• [TASK ITEM]:
Each line of the entries that mentions the string "esta" needs to be reported.

• [RECORDS FOR THE EXERCISE]:
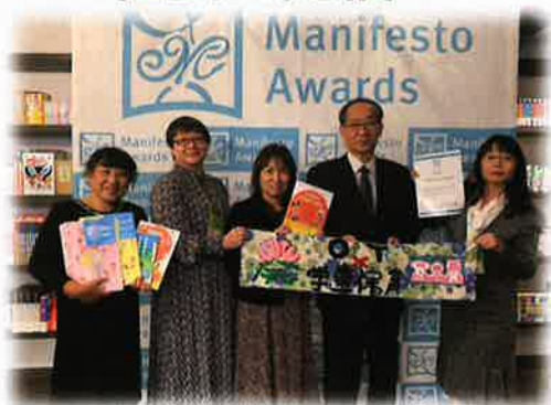
2019. 11. 日本マニフェスト大賞
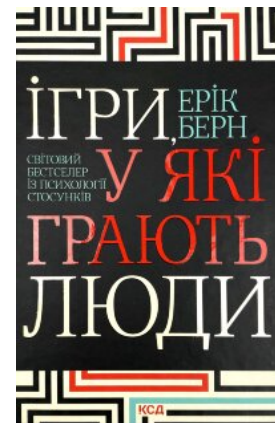
Ігри, у які грають люди

Перейти до категорії Саморозвиток та мотивація
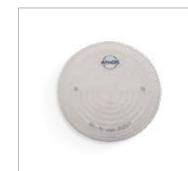
7 Артикул 444.0628.0
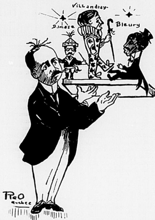
Le nouveau propriétaire du "Petit Québécois," tenant dans un plateau la destinée de sa famille.

active, dut se mettre de la partie et rétablir l'ordre. Pourtant, tous ceux qui l'ont vue s'accordent à le dire, la dame, comme toutes les autres, dormait les yeux fermés.
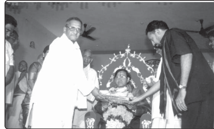
23-11-2003 తేదీ పాలకొల్లు క్షత్రియ సంక్షేమ పరిషత్ ఆధ్వర్యంలో కార్తీక సమారాధన సందర్భముగా
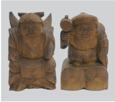
佐藤光重作「恵比寿・大黒天像」

「冬至の日」は親子で 市内の銭湯へ 12月22日の「冬至の日」は市内2 か所の銭湯で小学生以下のお子さ んと保護者1名の入浴料が無料と なります。ご利用の際に銭湯にお申 し出ください。問い合わせは福祉政 策課(☎620・7454)へ。 ※お 子さんのみでの利用はできません。 ▼稲荷湯(子安町一丁目☎642・ 2825) ▼松の湯(小門町☎6 22・5356)
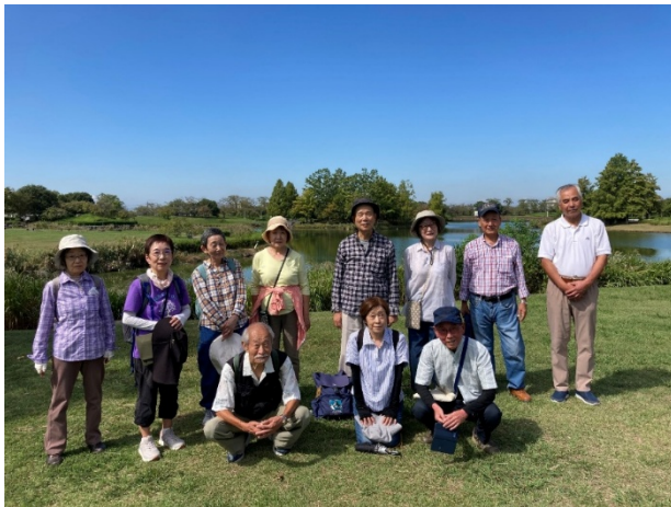
池を背景に集合写真
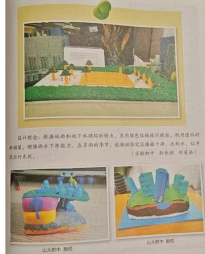
(生徒が作成したスポンジシティの模型の写真)
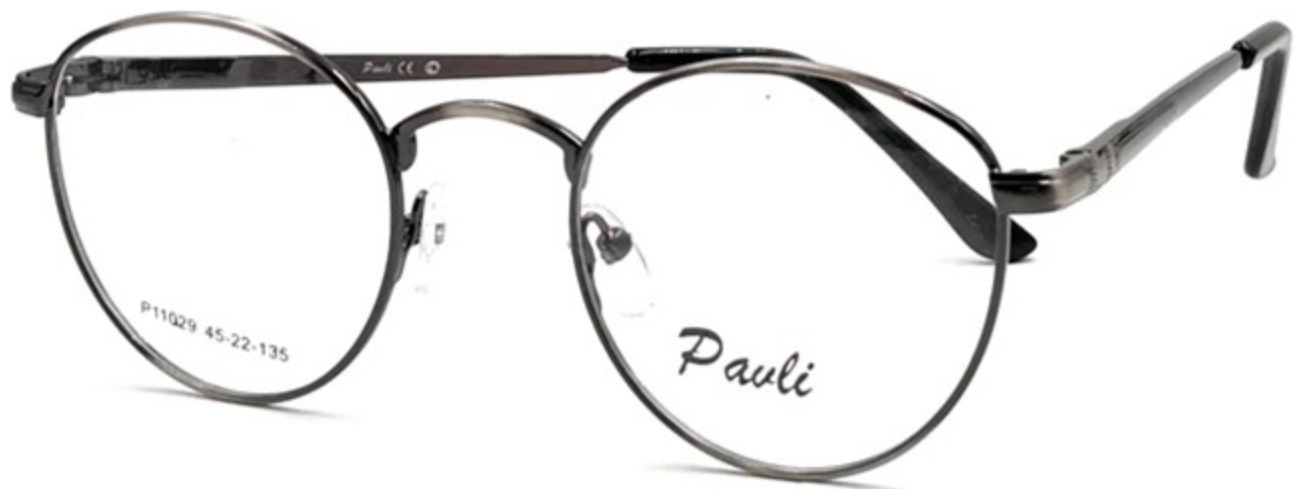
PAVLI P11029 C1 45-22-135
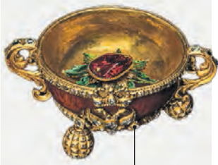
Чарка Петра I

«Вечерка» подобрала самые интересные экспонаты выставки. Такую роскошь встретишь не часто!
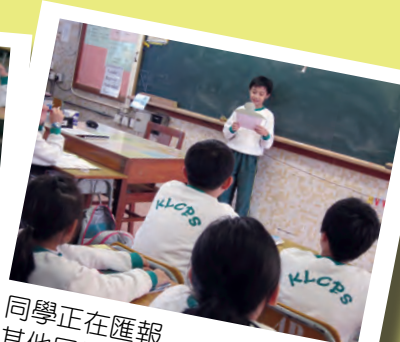
同學正在匯報其他同學用心聆聽
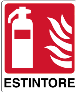
CARTELO IN ALLUMINIO ESTINTORE CON TESTO
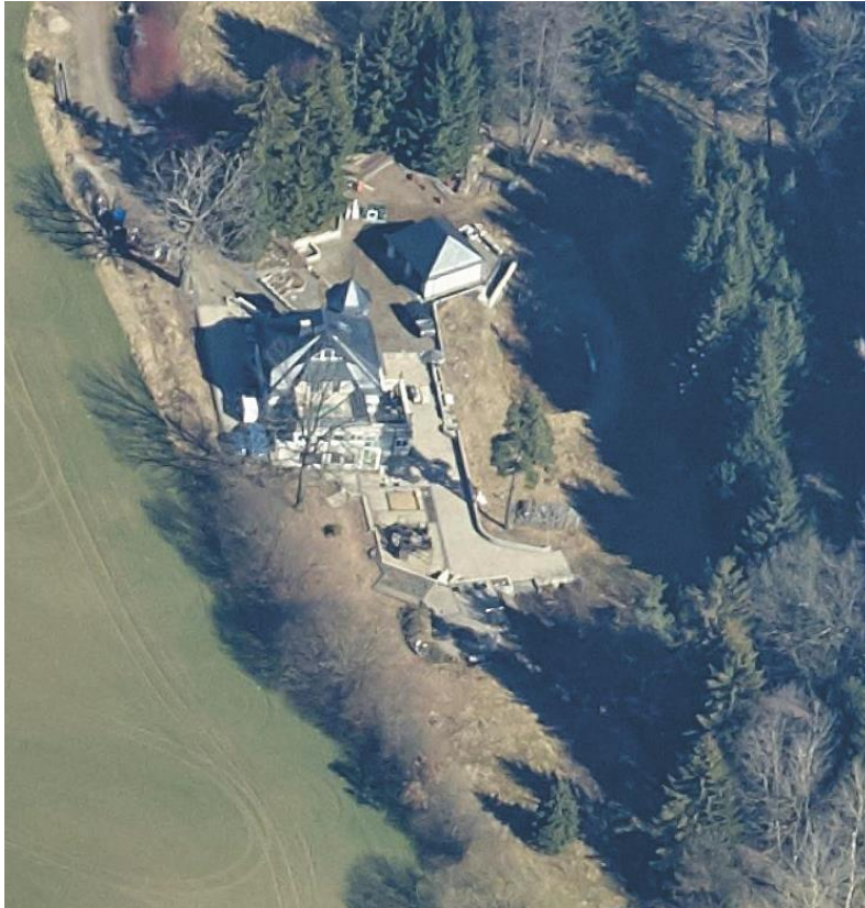
Blick von Süden
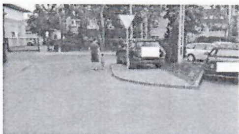
16.jpg 309 KB
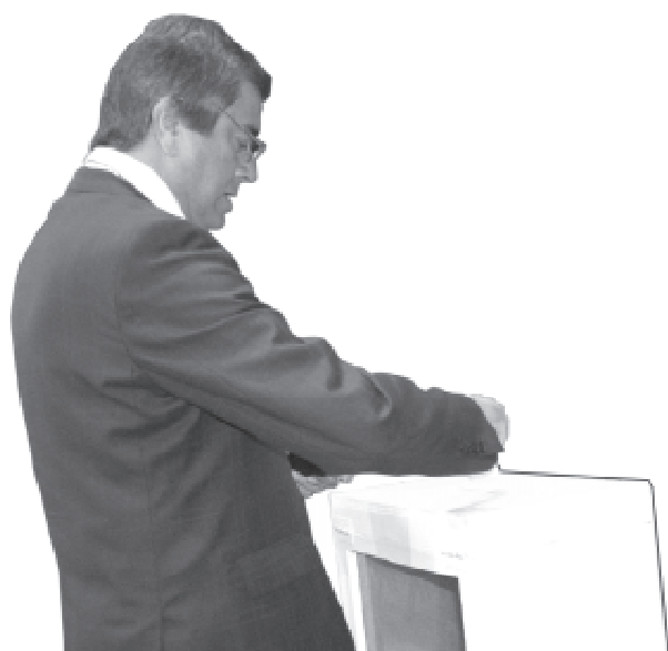
El Ministro de Agricultura, Álvaro Rojas concurrió muy temprano a sufragar.

El 18 de abril de 2006 pasará a la historia de esta casa de estudios superiores y muchas de sus imágenes quedarán en la retina de los miembros de esta comunidad universitaria.
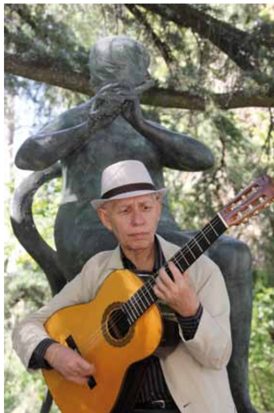
Textos Ana Higuera.

Además, hay que resaltar también el importante carácter solidario de esta obra, que busca dar difusión y visibilidad a la Fundación Uno entre cien mil, colaborando en
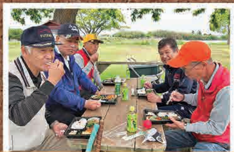
5月21日 第3回双葉町民パークゴルフ大会(いわき市)
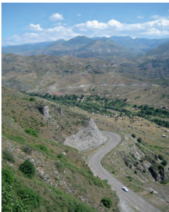
Photo 8. Le corridor de Latchine (entre le Haut-Karabagh et l'Arménie) : la route venant d'Arménie, précisément de la ville de Goris, descend en lacet dans la vallée où se trouve le poste frontière du Haut-Karabagh. Puis elle remonte en lacet vers le Haut-Karabagh, vers Berdzor (appelée aussi Latchin), Chouchi puis Stepanakert © Photo Gérard-François Dumont.

Au plan ferroviaire, aucune voie ferrée venant d'Arménie ne dessert le Haut-Karabagh et cela ne se produira pas avant longtemps car une telle réalisation supposerait des investissements considérables dans ce milieu montagneux.
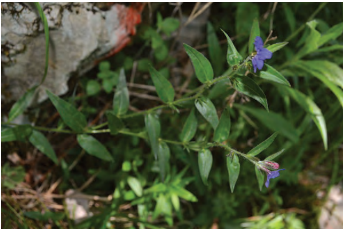
Figure 3 (Slika 3): Buglossoides purpurocaerulea , Gajšč (Volarje)
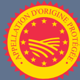
LES PRODUITS SOUS APPELLATION D'ORIGINE (AOC OU AOP)
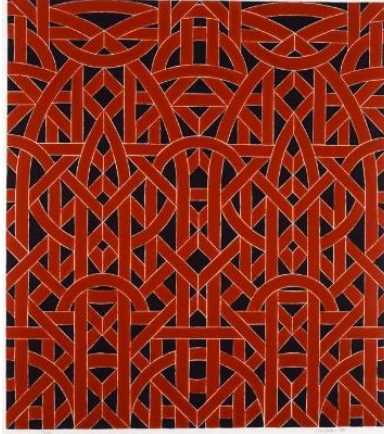
Görsel 3. Valerie Jaudon, Aaron, 1980, Kağıt üzerine pastel boya, 83x 76 cm.

bağlanan bu motifler, belli bir merkezden başlayıp tuvalin tüm alanlarına doğru ölçülü biçimde yayılır. Tek renk içeren çalışmalarının yanı sıra Doğuya özgü halılarda kullanılan renkleri de ön plana çıkaran sanatçı, süslemeyi geleneksel bağlamlarından ayırarak Batılı bir bakış açısıyla yalıtılarak, dekorasyonun kalıcı önemini vurgular. Geometrik simetriye ve birbirini takip eden dekoratif motiflere derinden bağlı bu çalışmalar, Doğu'ya özgü soyut ve figüratif dekorasyon geleneğine sıkı sıkıya bağlıdır.
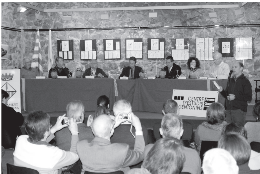
Participants a l'acte dels 30 anys d'ajuntaments democràtics.
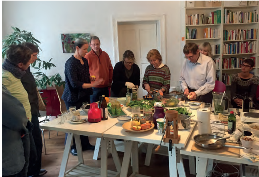
In Berlin fand ein Ernährungsworkshop statt.

• [RESPONSE BELOW]:
El 18 de abril de 2006 pasará a la historia de esta casa de estudios superiores y muchas de sus imágenes quedarán en la retina de los miembros de esta comunidad universitaria.
Además, hay que resaltar también el importante carácter solidario de esta obra, que busca dar difusión y visibilidad a la Fundación Uno entre cien mil, colaborando en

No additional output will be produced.